Nelson e Winter (1982, p. 105) observam que o conhecimento armazenado nas memórias humanas é significativo e efetivo somente no contexto organizacional. O contexto da informação que um membro individual possui inclui: (1) as várias formas de memória externa – arquivos, quadros de aviso, manuais, memória dos computadores, fitas magnéticas – que complementam e apoiam a memórias dos membros individuais; (2) o estado físico dos equipamentos, da estrutura e o estado do ambiente de trabalho; e (3) a informação que todos os demais membros possuem. Essa teoria sobre a memória organizacional ilustra a sinergia que pode existir entre recursos humanos e recursos técnicos.

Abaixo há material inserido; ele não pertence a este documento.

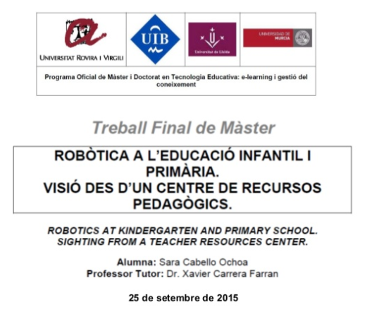 Robòtica a l’educació infantil i primària. Visió des d’un centre de recursos pedagògics (TFM)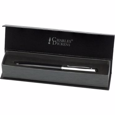 Stylo bille twist Charles Dickens en métal et plastique livré dans un écrin cartonné à fermeture magnétique.

É essa sinergia que se caracteriza, aqui, como uma propriedade de um sistema sociotécnico.

Finalmente, o quinto aspecto do modelo de organização baseado em rotinas de Nelson e Winter (1982) que se pode destacar é que ele encerra uma preocupação comum com a teoria da administração evolutiva de Ulrich (1984) e de Malik e Probst (1984).

Nelson e Winter (1982, p. 109) entendem que, exceto no caso de tarefas que envolvem baixos níveis de habilidade, executada sob condições favoráveis para observação de vários membros organizacionais por um único supervisor, não é prático monitorar e controlar o comportamento tão detalhadamente que somente comportamentos organizacionais apropriados sejam permitidos. Ulrich (ULRICH, 1984, p. 85) concorda que é impossível se exercer controle sobre cada um dos elementos de um sistema complexo; por isso, deve-se projetar os sistema sociais com capacidade de autocontrole.

Malik e Probst (MALIK; PROBST, 1984), da mesma forma, observam que a sobrevivência e a eficiência da organização em um ambiente complexo que está constantemente mudando de maneiras imprevisíveis, requer que ela se ajuste e se adapte constantemente a um grande número de fatores; os sistema auto-organizadores são capazes de processar muito mais informação e desempenhar o ajuste mútuo de um grande número de relações em comparação com os sistema de decisão centralizadores. Por meio da sua teoria da memória organizacional retida através de rotinas, Nelson e Winter (1982) descrevem como se dá essa capacidade superior de processamento distribuído.

Nelson e Winter (1982, p. 106) distinguem entre os requisitos de memória para um desempenho coordenado complexo – em um momento específico – e os requisitos para um desempenho flexível – em momentos distintos. A memória organizacional está distribuída através das memórias humanas dos membros organizacionais. O desempenho complexo impõe uma demanda constante ou decrescente sobre a memória dos membros individuais, pois acaba sendo distribuído entre muitos indivíduos. O desempenho flexível, em contraste, envolve variação do desempenho organizacional em resposta a variação do ambiente. Nesse caso, os membros organizacionais têm que reter no seu repertório uma grande variedade de rotinas especializadas, além de ser capazes de interpretar um conjunto rico de mensagens do ambiente e traduzi-las em execução dessas rotinas.

Tanto no caso do desempenho complexo quanto no caso do desempenho flexível, são os membros organizacionais que processam as informações de coordenação – no primeiro caso – ou as informações de variação do ambiente – no segundo caso. Esse processamento distribuído entre os membros organizacionais tende a ser, conforme defendem (MALIK; PROBST, 1984), mais eficiente do que o processamento concentrado em poucos indivíduos designados para exercer controle centralizado.